First, dedicating areas to bioenergy production increases competition for land.
Roughly three-quarters of the world’s vegetated land is already being used to meet people’s need for food and forest products, and that demand is expected to rise by 70 per cent or more by 2050. Much of the rest contains natural ecosystems that keep climate-warming carbon out of the atmosphere, protect freshwater supplies, and preserve biodiversity.
Because land and the plants growing on it are already generating these benefits, diverting land—even degraded, under-utilised areas—to bioenergy means sacrificing much-needed food, timber, and carbon storage.
Second, bioenergy production is an inefficient use of land.
While photosynthesis may do a great job of converting the sun’s rays into food, it is an inefficient way to turn solar radiation into non-food energy that people can use. Thus, it takes a lot of land (and water) to yield a small amount of fuel from plants. In a new working paper, WRI calculates that providing just 10 per cent of the world’s liquid transportation fuel in the year 2050 would require nearly 30 per cent of all the energy in a year’s worth of crops the world produces today.

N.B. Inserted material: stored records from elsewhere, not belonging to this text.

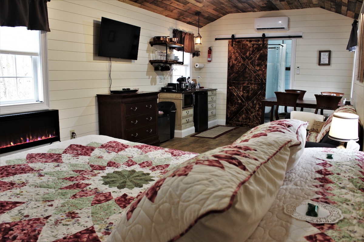 This peaceful cottage has a rustic, yet modern feel to it. It is set on the edge of a wooded area with plenty of wildlife to enjoy, near Massanutten Resort. Enjoy the ambiance of the small electric fireplace, well-equipped kitchenette and dining area, or the front porch swing. The bathroom features an old-fashioned claw foot tub, fitted with a shower head. Enjoy a complimentary bottle of sparkling cider and a basket of snacks with your stay. We look forward to extending our hospitality to you.
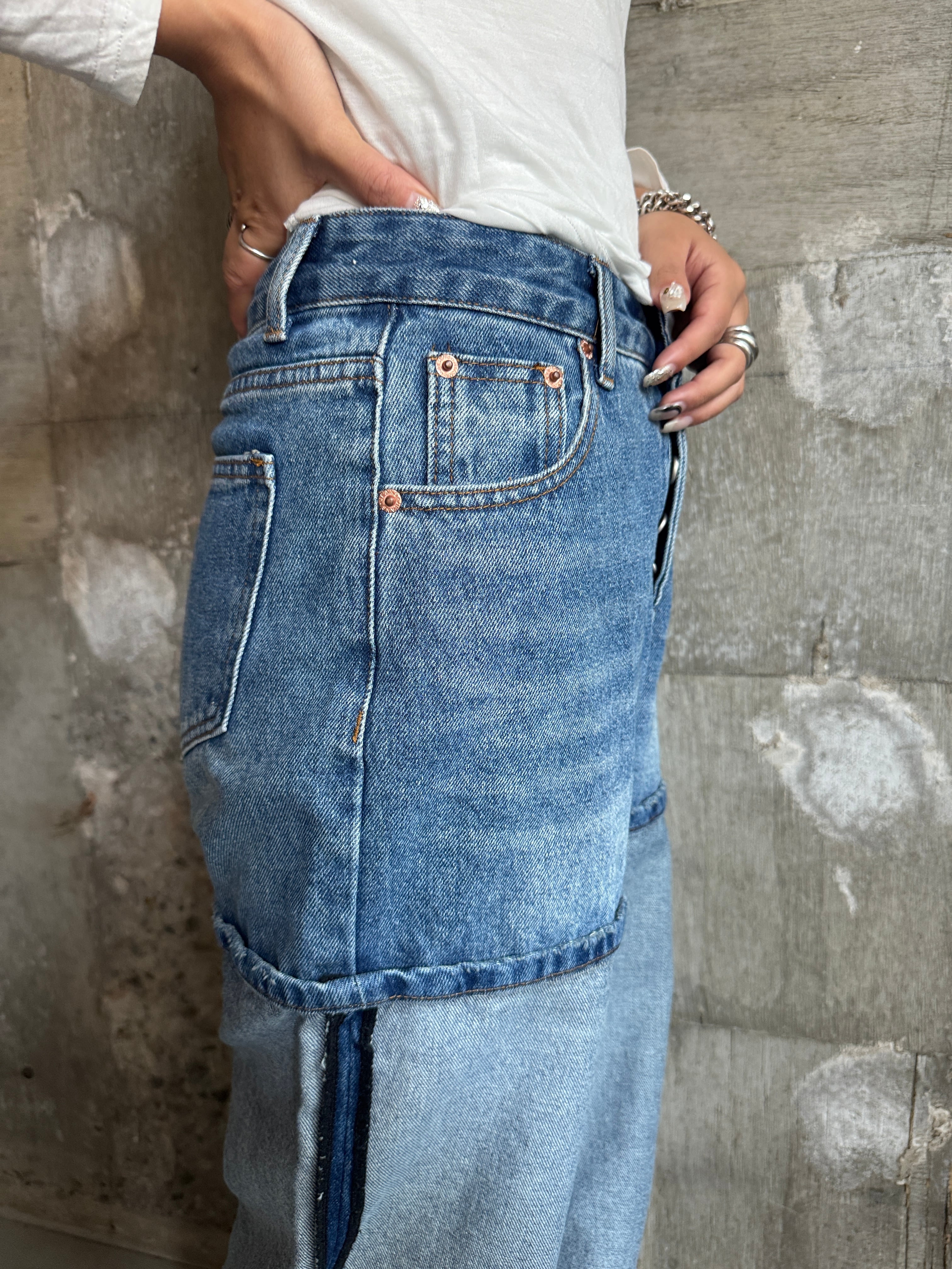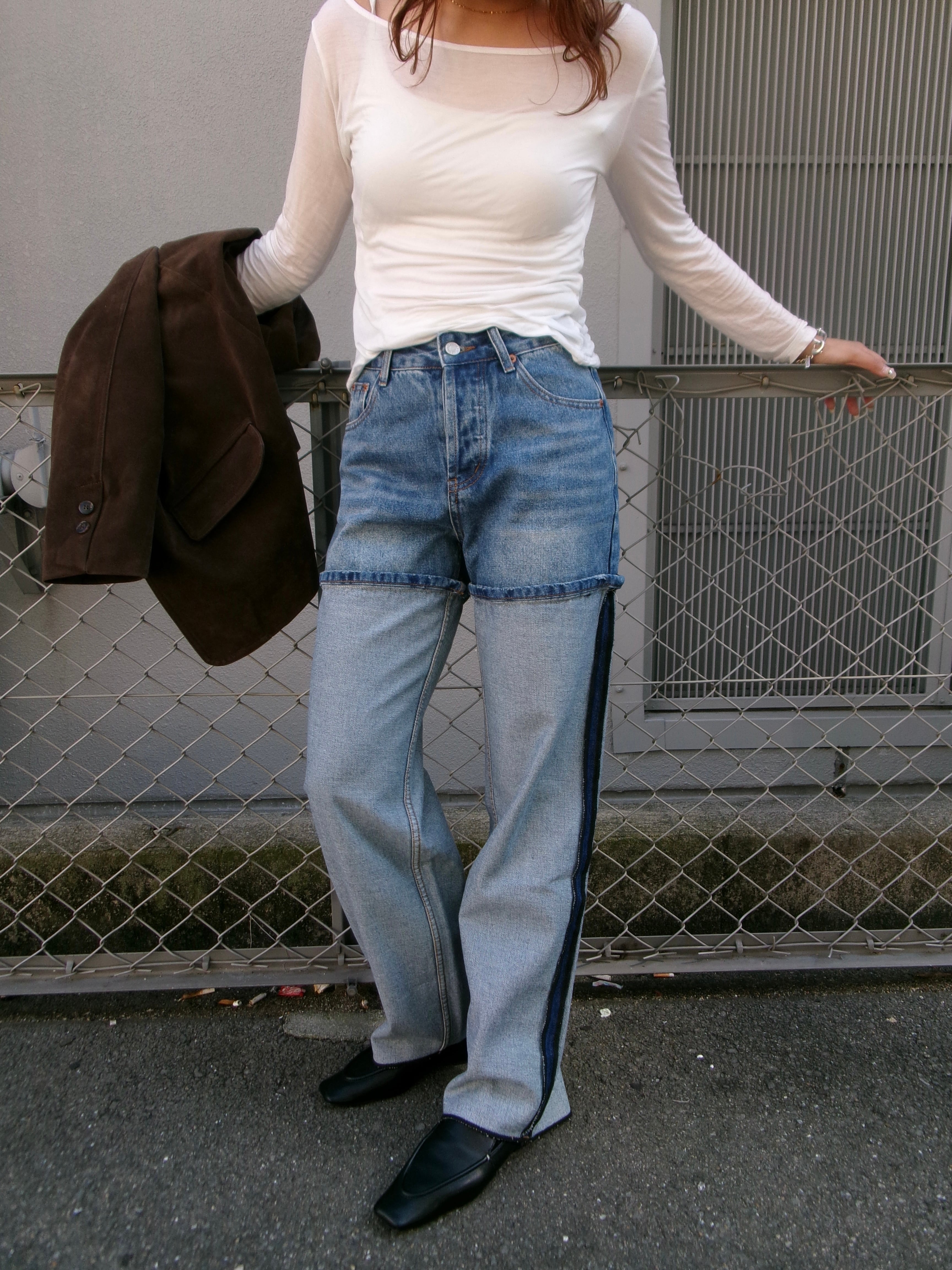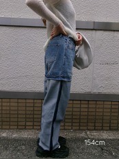 切り返しのデザインが特徴的なデニムです。
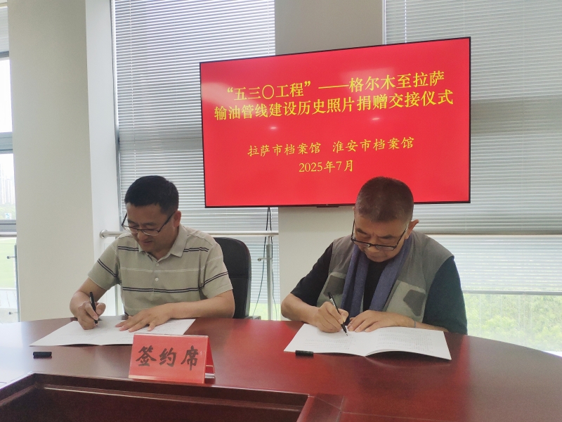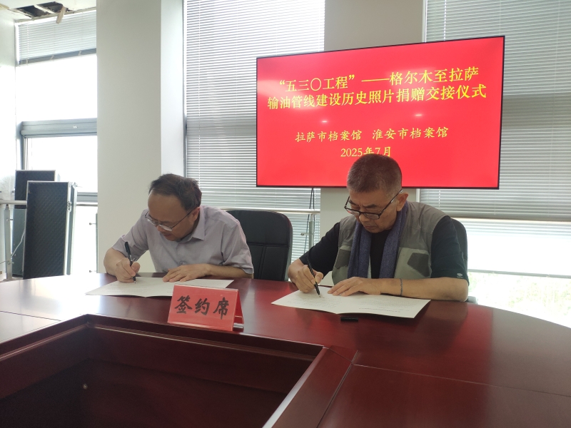7月29日,淮安市档案馆与拉萨市档案馆在淮举行“五三〇工程”历史照片捐赠交接仪式。这批珍贵影像资料记录了1972年至1977年间格尔木至拉萨输油管线的建设历程。
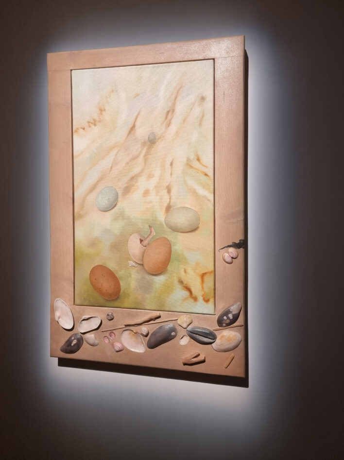 Īpaši spilgti manā uztverē kā arī izstādes tematikā koncentrējas viens ne pārāk “uzbāzīgs” darbs – glezna, kuras rāmī ieintegrēti jūras atradumi: gliemežvāki, oļi, fragmenti, kas vēl nes sevī sāls un ūdens atmiņu. Attēlā redzama ola, no kuras laužas ārā cilvēka kāja. Šis motīvs nav šokējošs, drīzāk klusi satraucošs. Ola kā dzīvības pirmforma, cilvēks kā neatņemama, bet vēl neveikla dabas sastāvdaļa. Šeit cilvēks nav pasaules centrs, bet viens no elementiem – tikpat trausls kā čaula, tikpat pakļauts procesiem kā akmens jūras krastā. Tas ir dzīvības sākums vēl neskartā dabā, pirms pretenzijām un robežām.

The push for bioenergy extends beyond transportation fuels to the harvest of trees and other sources of biomass for electricity and heat generation. Some research suggests that bioenergy could meet 20 per cent of the world’s total annual energy demand by 2050. Yet doing so would require an amount of plants equal to all the world’s current crop harvests, plant residues, timber, and grass consumed by livestock–a true non-starter.
Third, bioenergy that makes dedicated use of land does not generally cut greenhouse gas emissions.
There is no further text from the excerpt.